▶ Task to carry out: An exact copy of the listing is required, with its pictures removed.
◆ ◆ ◆ ◆ ◆ ◆ ◆
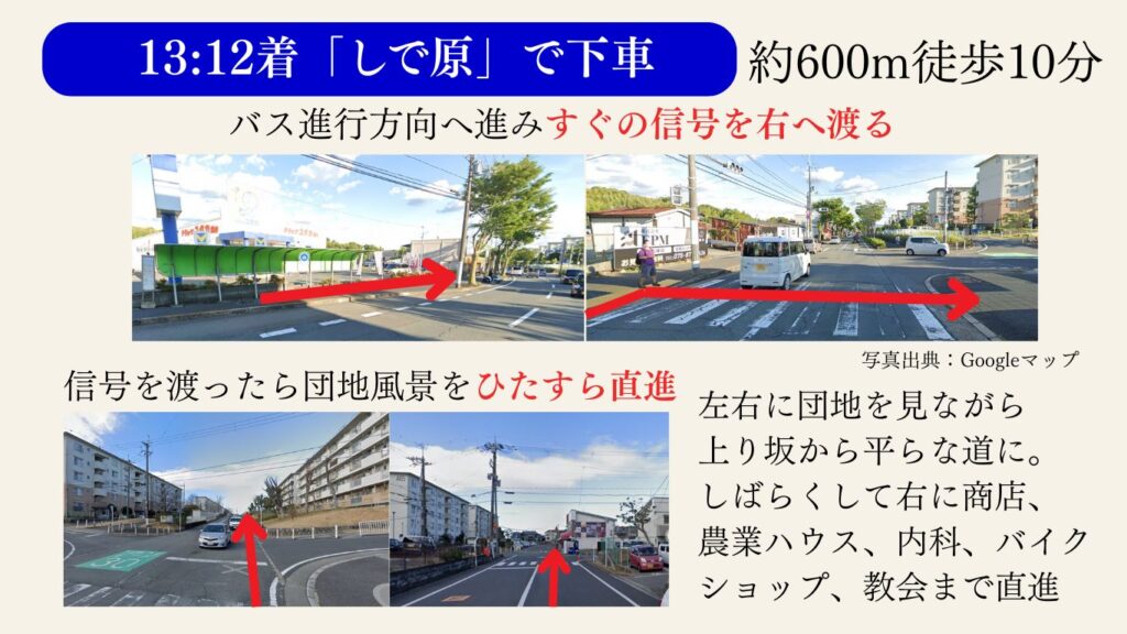 バス停「しで原」からの道順
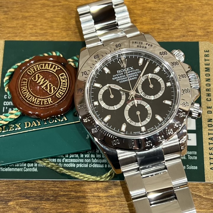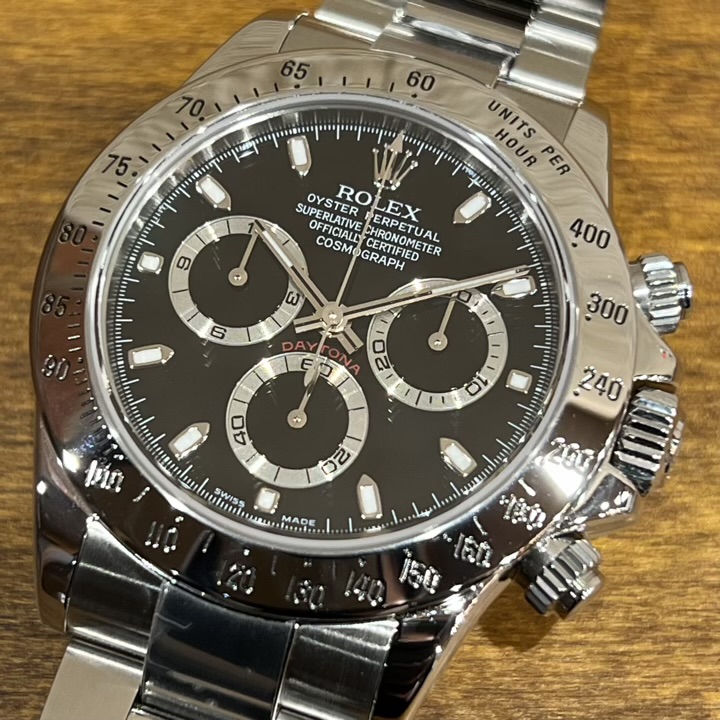 ・現行モデルとは異なるステンレスベゼルが搭載され、メタリックな輝きが魅力的なRef.116520。
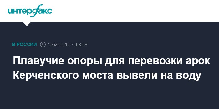 Москва. 15 мая. INTERFAX.RU - "Севморзавод" (Севастополь) построил четыре понтона для монтажа арок Керченского моста и спустил конструкции на воду, сообщил в понедельник информационный центр проекта "Крымский мост".
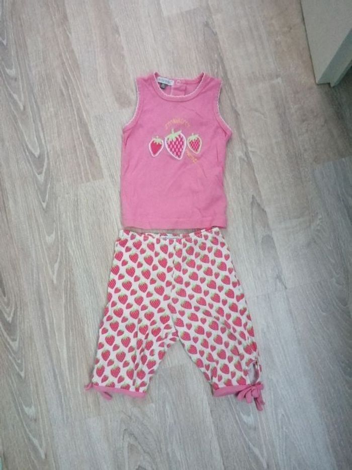 Joli petit ensemble avec pantacourt blanc avec des fraises dessus et le t-shirt rose avec des fraises devant, 3 pressions dans le dos.
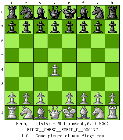 Last move : 1-0 2018 July 28 20:39:15 [Event "FICGS__CHESS__RAPID_C__000172"] [Site "FICGS"] [Date "2018.06.28"] [Round "1"] [White "Pech,Jaroslav"] [Black "Abd alwhaab,Ahmed Adly"] [Result "1-0"] [WhiteElo "1516"] [BlackElo "1500"] 1.d4 1-0 This chess game has been lost on time (started : 2018.06.28 12:11:2) Queen's pawn Player White won this chess game. Follow this game move after move (download)Every Pawn is a potential Queen. (James Mason) Zum Sieg gelangt man nicht, wenn man gut, sondern nur wenn man besser spielt (Savielly Grigorievitsch Tartakower) Aquel que ve no otra dirección en el juego que la de dar Jaque Mate a su oponente, nunca será un buen jugador de Ajedrez. (Euwe) On croit qu'il y a plus de mauvais joueurs que de bons joueurs, c'est faux : Il y a autant de joueurs qui gagnent que de joueurs qui perdent. (Philippe Geluck) O divine art of subtlety and secrecy! Through you we learn to be invisible, through you inaudible and hence we can hold the enemy's fate in our hands. (Sun Tzu)
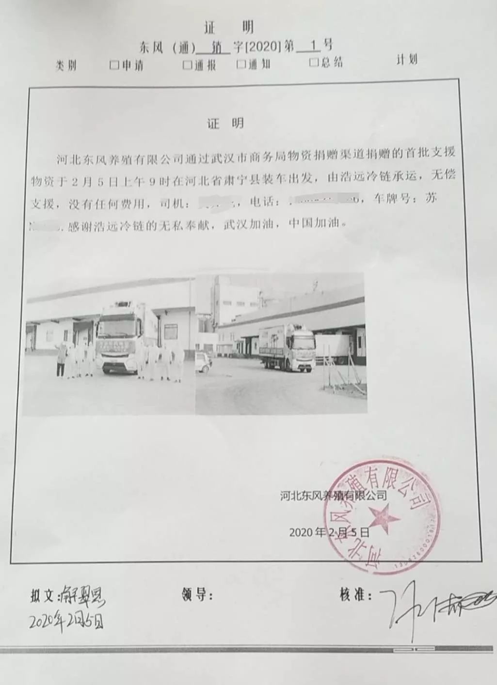 2月4日,宿遷浩遠冷鏈物流的吳先生接到生意伙伴河北東風養殖有限公司的電話,說想給武漢市捐贈20噸凍鴨食品,由于缺乏運力,能否請浩遠冷鏈幫忙進行物資運輸。
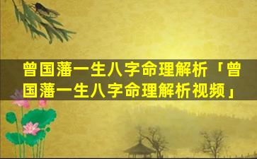 2、曾国藩 🐕 一生八字命理 🐕 解析视频
◆ ◆ ◆ ◆ ◆ ◆ ◆
▶ Written response:
 バス停「しで原」からの道順
 ・現行モデルとは異なるステンレスベゼルが搭載され、メタリックな輝きが魅力的なRef.116520。
 Москва. 15 мая. INTERFAX.RU - "Севморзавод" (Севастополь) построил четыре понтона для монтажа арок Керченского моста и спустил конструкции на воду, сообщил в понедельник информационный центр проекта "Крымский мост".
 Joli petit ensemble avec pantacourt blanc avec des fraises dessus et le t-shirt rose avec des fraises devant, 3 pressions dans le dos.
 Last move : 1-0 2018 July 28 20:39:15 [Event "FICGS__CHESS__RAPID_C__000172"] [Site "FICGS"] [Date "2018.06.28"] [Round "1"] [White "Pech,Jaroslav"] [Black "Abd alwhaab,Ahmed Adly"] [Result "1-0"] [WhiteElo "1516"] [BlackElo "1500"] 1.d4 1-0 This chess game has been lost on time (started : 2018.06.28 12:11:2) Queen's pawn Player White won this chess game. Follow this game move after move (download)Every Pawn is a potential Queen. (James Mason) Zum Sieg gelangt man nicht, wenn man gut, sondern nur wenn man besser spielt (Savielly Grigorievitsch Tartakower) Aquel que ve no otra dirección en el juego que la de dar Jaque Mate a su oponente, nunca será un buen jugador de Ajedrez. (Euwe) On croit qu'il y a plus de mauvais joueurs que de bons joueurs, c'est faux : Il y a autant de joueurs qui gagnent que de joueurs qui perdent. (Philippe Geluck) O divine art of subtlety and secrecy! Through you we learn to be invisible, through you inaudible and hence we can hold the enemy's fate in our hands. (Sun Tzu)
 2月4日,宿遷浩遠冷鏈物流的吳先生接到生意伙伴河北東風養殖有限公司的電話,說想給武漢市捐贈20噸凍鴨食品,由于缺乏運力,能否請浩遠冷鏈幫忙進行物資運輸。
 2、曾国藩 🐕 一生八字命理 🐕 解析视频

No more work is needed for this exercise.